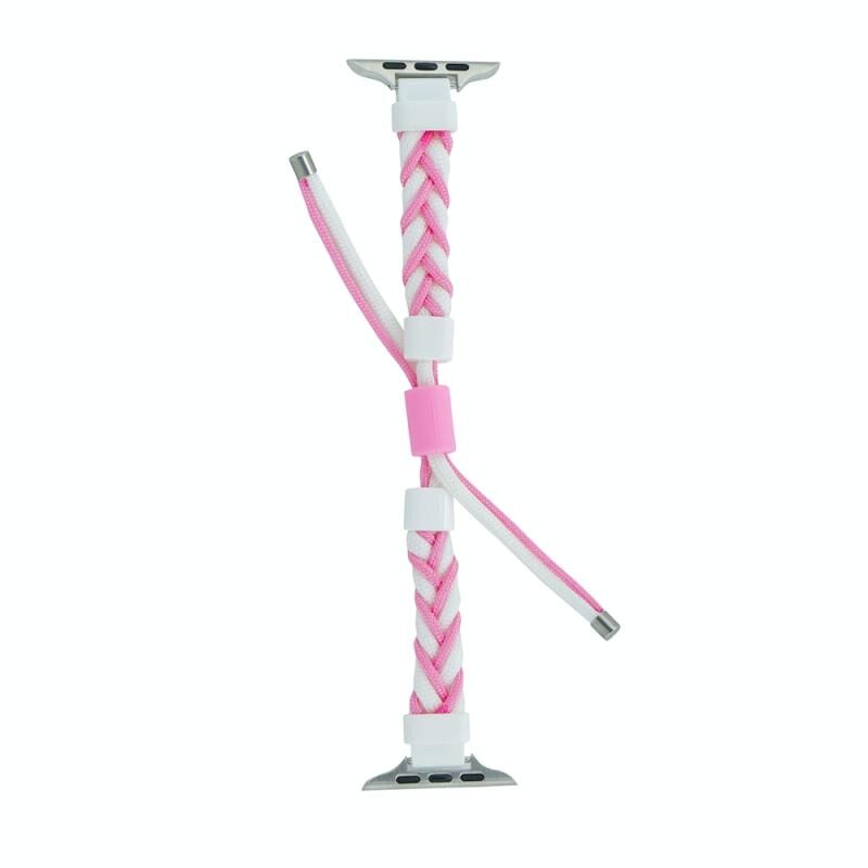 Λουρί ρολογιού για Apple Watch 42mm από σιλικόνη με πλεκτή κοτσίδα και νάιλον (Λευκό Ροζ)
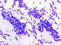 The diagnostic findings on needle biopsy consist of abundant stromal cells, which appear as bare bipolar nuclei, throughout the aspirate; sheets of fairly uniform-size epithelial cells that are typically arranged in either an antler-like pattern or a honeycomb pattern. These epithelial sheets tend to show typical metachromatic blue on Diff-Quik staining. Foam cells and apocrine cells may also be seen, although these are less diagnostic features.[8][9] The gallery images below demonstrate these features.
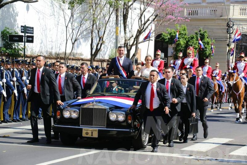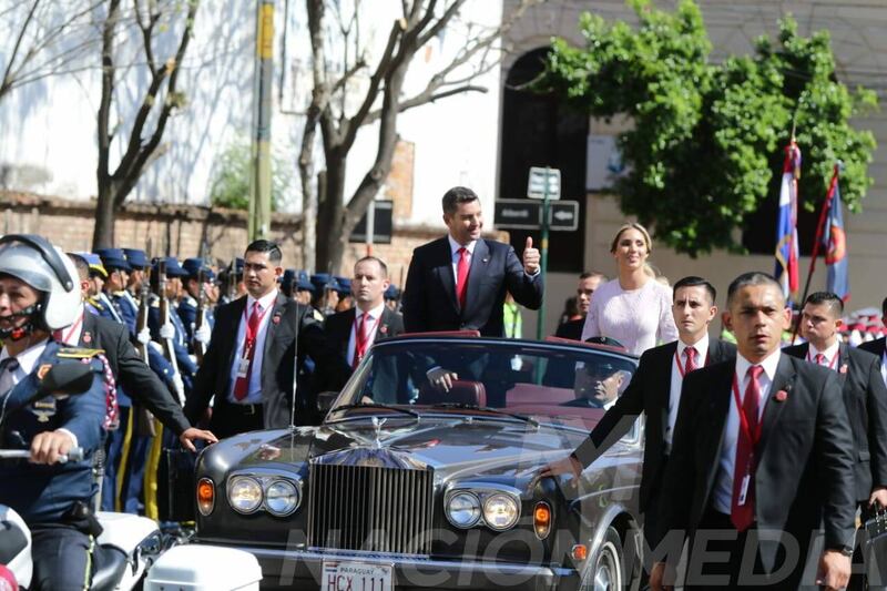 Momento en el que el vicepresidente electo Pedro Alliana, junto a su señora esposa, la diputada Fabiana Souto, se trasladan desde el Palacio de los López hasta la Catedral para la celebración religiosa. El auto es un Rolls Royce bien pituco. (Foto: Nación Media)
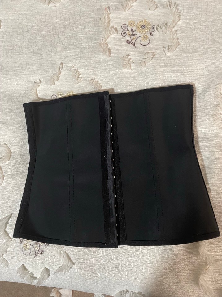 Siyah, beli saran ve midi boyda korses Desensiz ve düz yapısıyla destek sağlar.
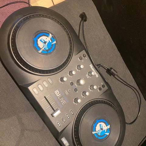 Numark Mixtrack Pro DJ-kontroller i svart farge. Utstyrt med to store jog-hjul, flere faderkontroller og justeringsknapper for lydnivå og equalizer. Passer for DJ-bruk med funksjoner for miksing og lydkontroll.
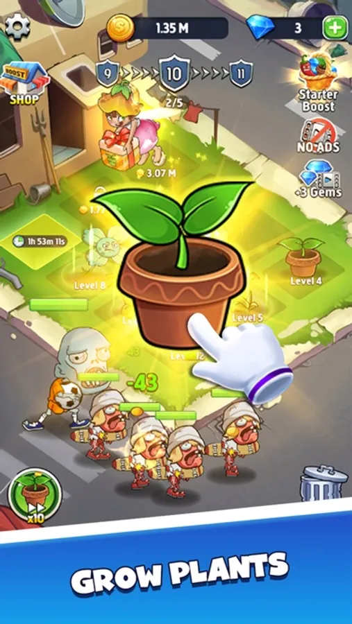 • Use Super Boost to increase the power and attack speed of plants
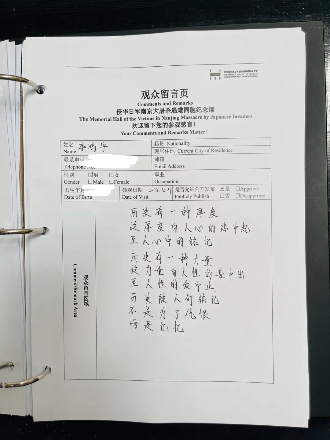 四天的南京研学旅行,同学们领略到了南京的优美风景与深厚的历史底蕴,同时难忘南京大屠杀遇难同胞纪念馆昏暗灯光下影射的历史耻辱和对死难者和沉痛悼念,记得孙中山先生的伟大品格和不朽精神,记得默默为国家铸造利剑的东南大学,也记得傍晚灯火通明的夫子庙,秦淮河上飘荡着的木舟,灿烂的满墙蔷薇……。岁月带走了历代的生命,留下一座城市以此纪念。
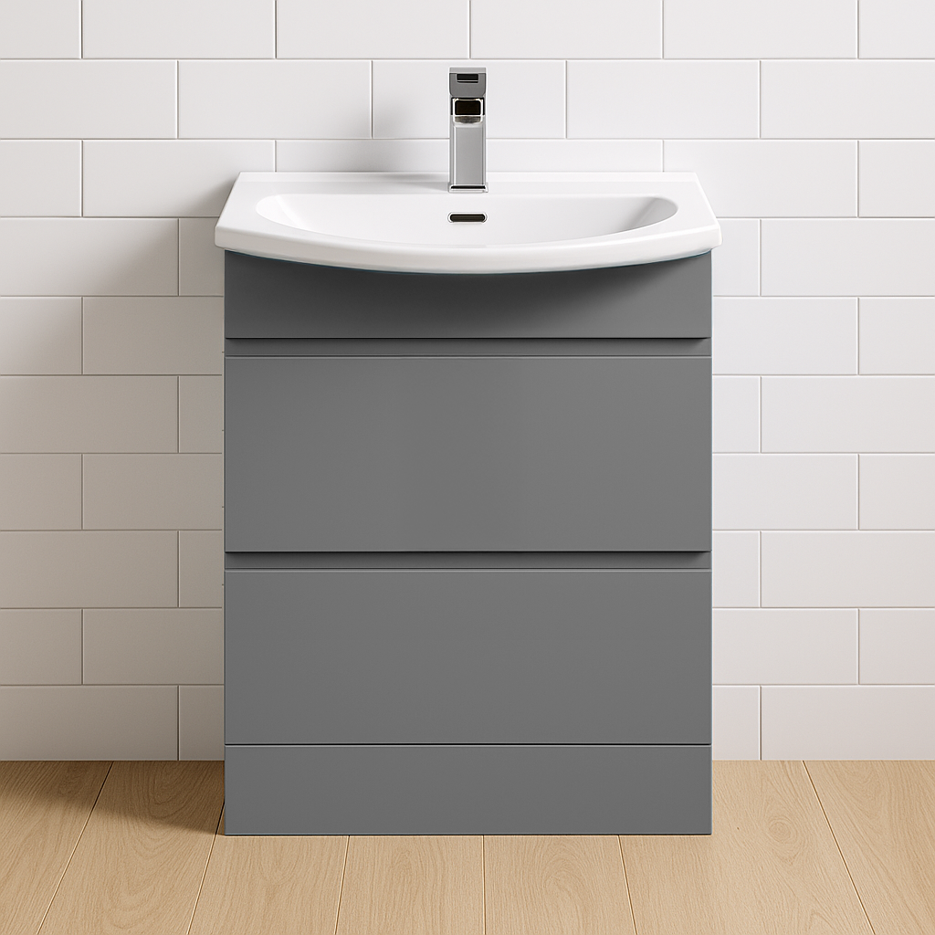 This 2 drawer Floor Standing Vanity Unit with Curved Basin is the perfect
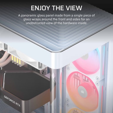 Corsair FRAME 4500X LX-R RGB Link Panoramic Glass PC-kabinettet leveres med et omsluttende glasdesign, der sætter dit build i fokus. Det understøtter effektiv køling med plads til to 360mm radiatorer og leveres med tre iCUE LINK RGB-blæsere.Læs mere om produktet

* * *

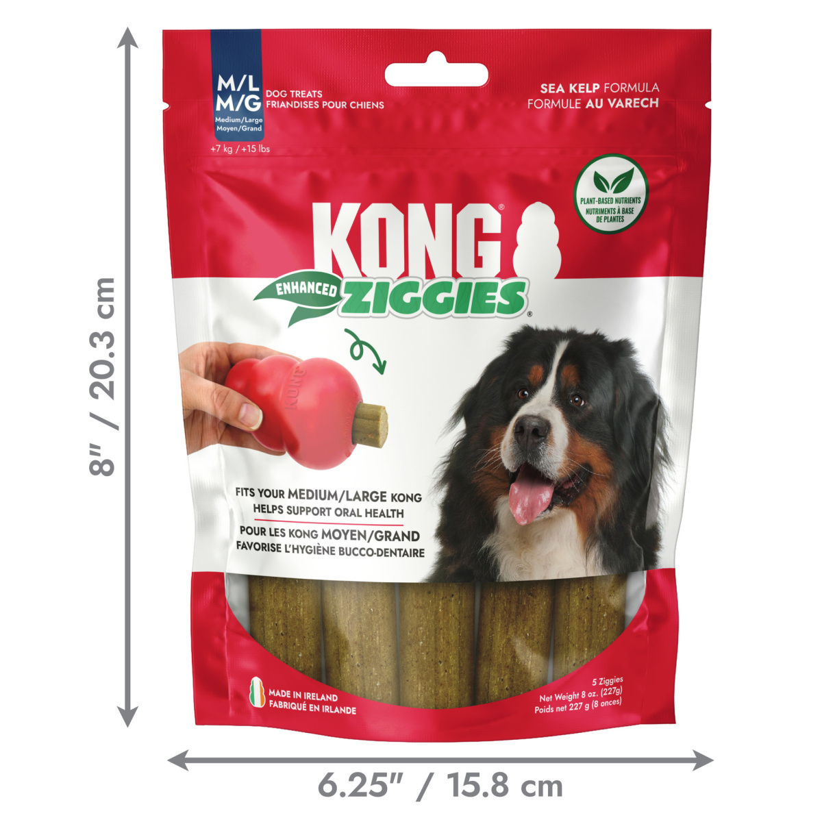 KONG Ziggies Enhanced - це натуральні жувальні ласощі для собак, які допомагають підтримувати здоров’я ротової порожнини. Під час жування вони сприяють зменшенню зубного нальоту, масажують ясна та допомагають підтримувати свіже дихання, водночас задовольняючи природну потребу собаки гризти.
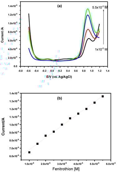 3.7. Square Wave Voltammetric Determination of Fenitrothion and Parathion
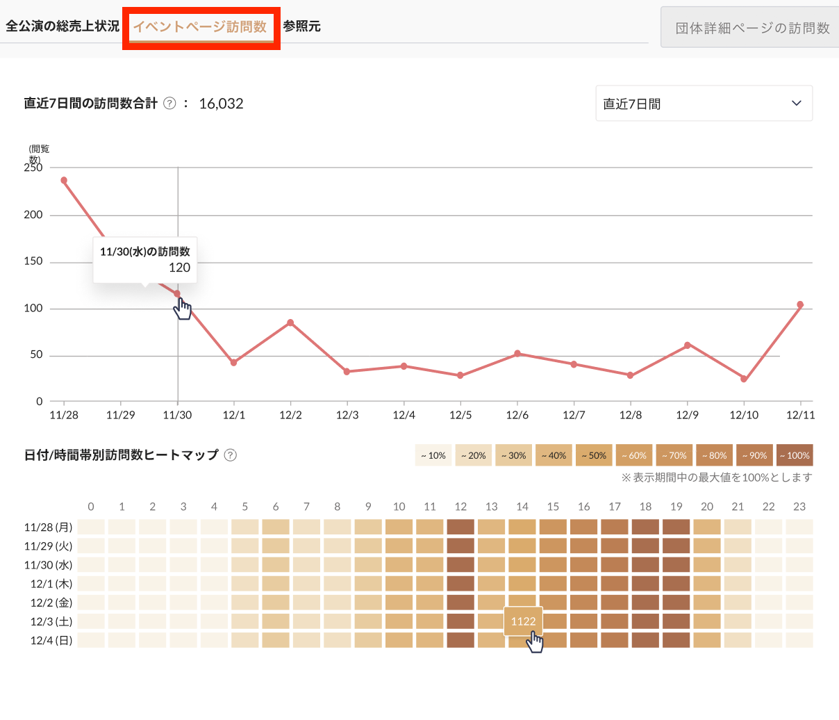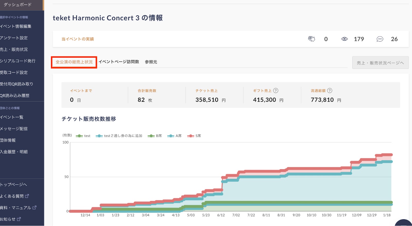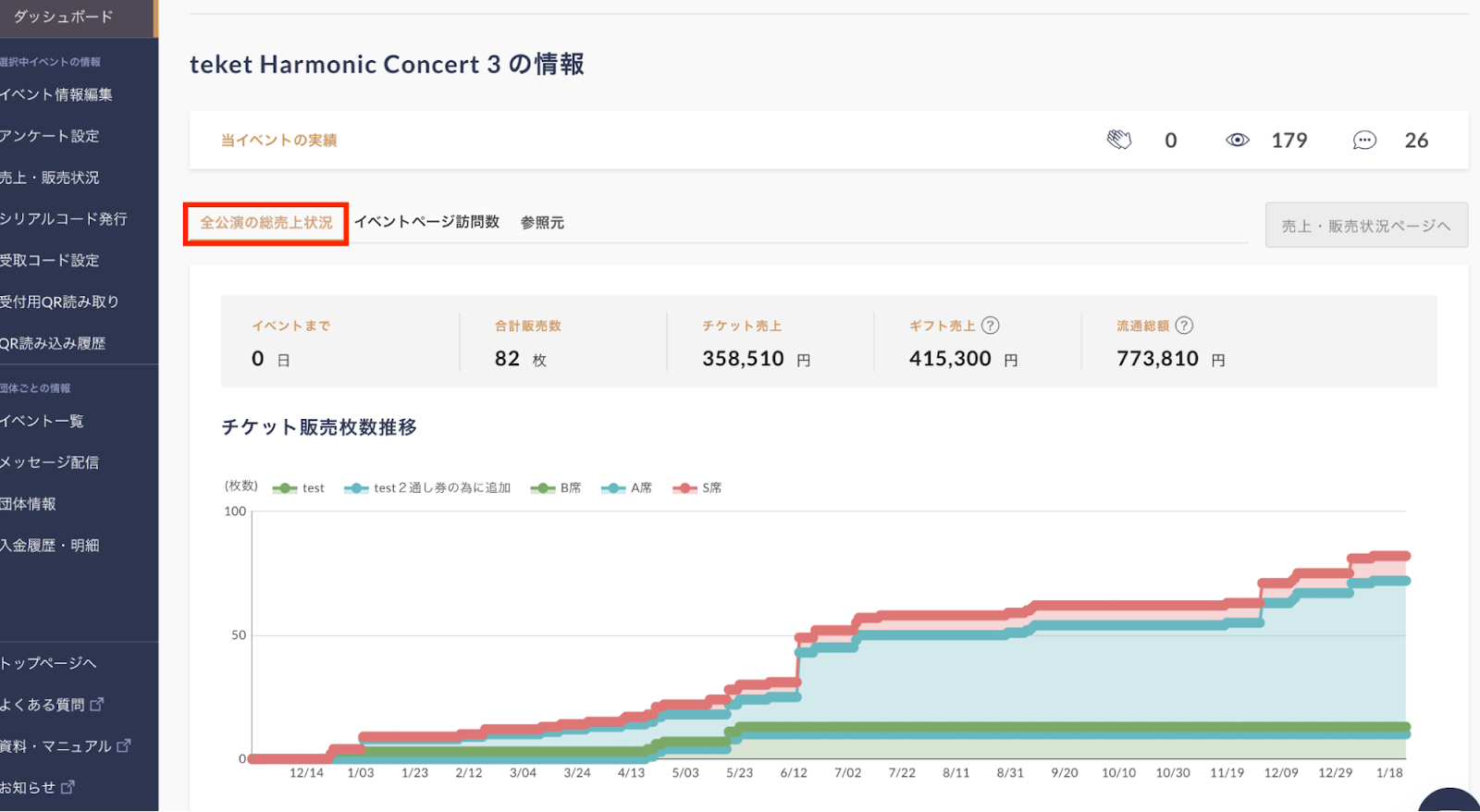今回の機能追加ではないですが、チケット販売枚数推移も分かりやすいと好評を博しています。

==

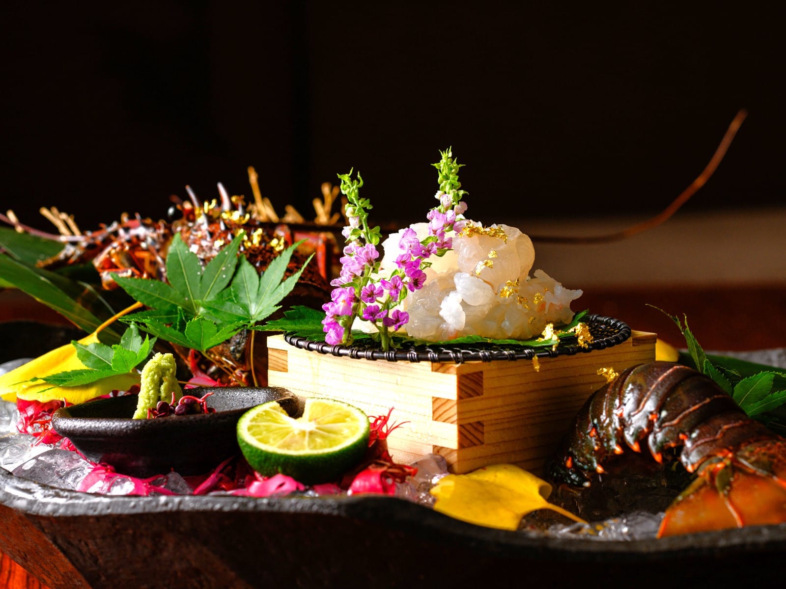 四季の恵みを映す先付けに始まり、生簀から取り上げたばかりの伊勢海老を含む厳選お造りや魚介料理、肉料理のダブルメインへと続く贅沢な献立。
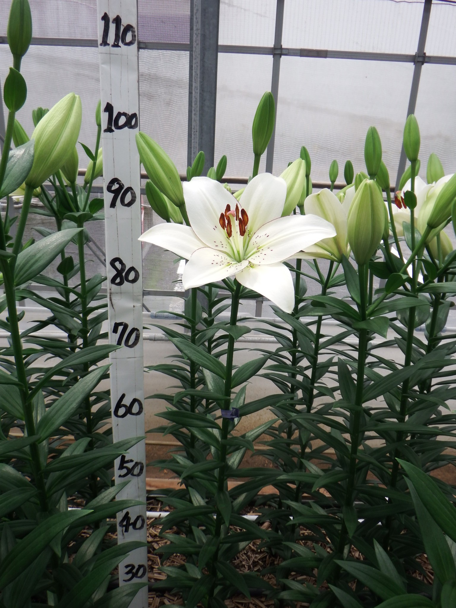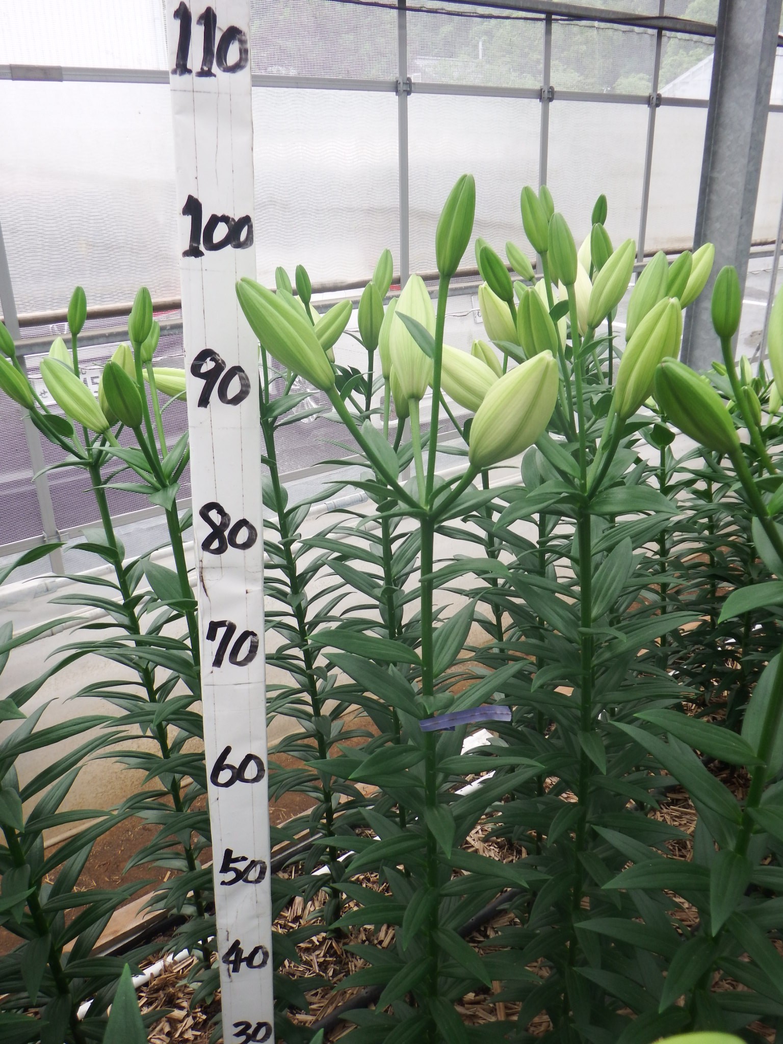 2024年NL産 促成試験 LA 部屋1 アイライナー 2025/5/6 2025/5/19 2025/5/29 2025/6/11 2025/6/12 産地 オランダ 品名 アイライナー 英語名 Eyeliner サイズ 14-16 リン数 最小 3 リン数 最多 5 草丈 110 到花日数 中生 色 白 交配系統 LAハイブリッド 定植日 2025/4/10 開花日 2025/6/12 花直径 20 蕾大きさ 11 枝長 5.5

Your objective ▸
What to print is the stretch of entries from the line with "Numark Mixtrack Pro" up to and including the line with "Corsair FRAME 4500X". Please print it exactly and leave out the pictures.

Answer to the problem ▸
 Numark Mixtrack Pro DJ-kontroller i svart farge. Utstyrt med to store jog-hjul, flere faderkontroller og justeringsknapper for lydnivå og equalizer. Passer for DJ-bruk med funksjoner for miksing og lydkontroll.
 • Use Super Boost to increase the power and attack speed of plants
 四天的南京研学旅行,同学们领略到了南京的优美风景与深厚的历史底蕴,同时难忘南京大屠杀遇难同胞纪念馆昏暗灯光下影射的历史耻辱和对死难者和沉痛悼念,记得孙中山先生的伟大品格和不朽精神,记得默默为国家铸造利剑的东南大学,也记得傍晚灯火通明的夫子庙,秦淮河上飘荡着的木舟,灿烂的满墙蔷薇……。岁月带走了历代的生命,留下一座城市以此纪念。
 This 2 drawer Floor Standing Vanity Unit with Curved Basin is the perfect
 Corsair FRAME 4500X LX-R RGB Link Panoramic Glass PC-kabinettet leveres med et omsluttende glasdesign, der sætter dit build i fokus. Det understøtter effektiv køling med plads til to 360mm radiatorer og leveres med tre iCUE LINK RGB-blæsere.Læs mere om produktet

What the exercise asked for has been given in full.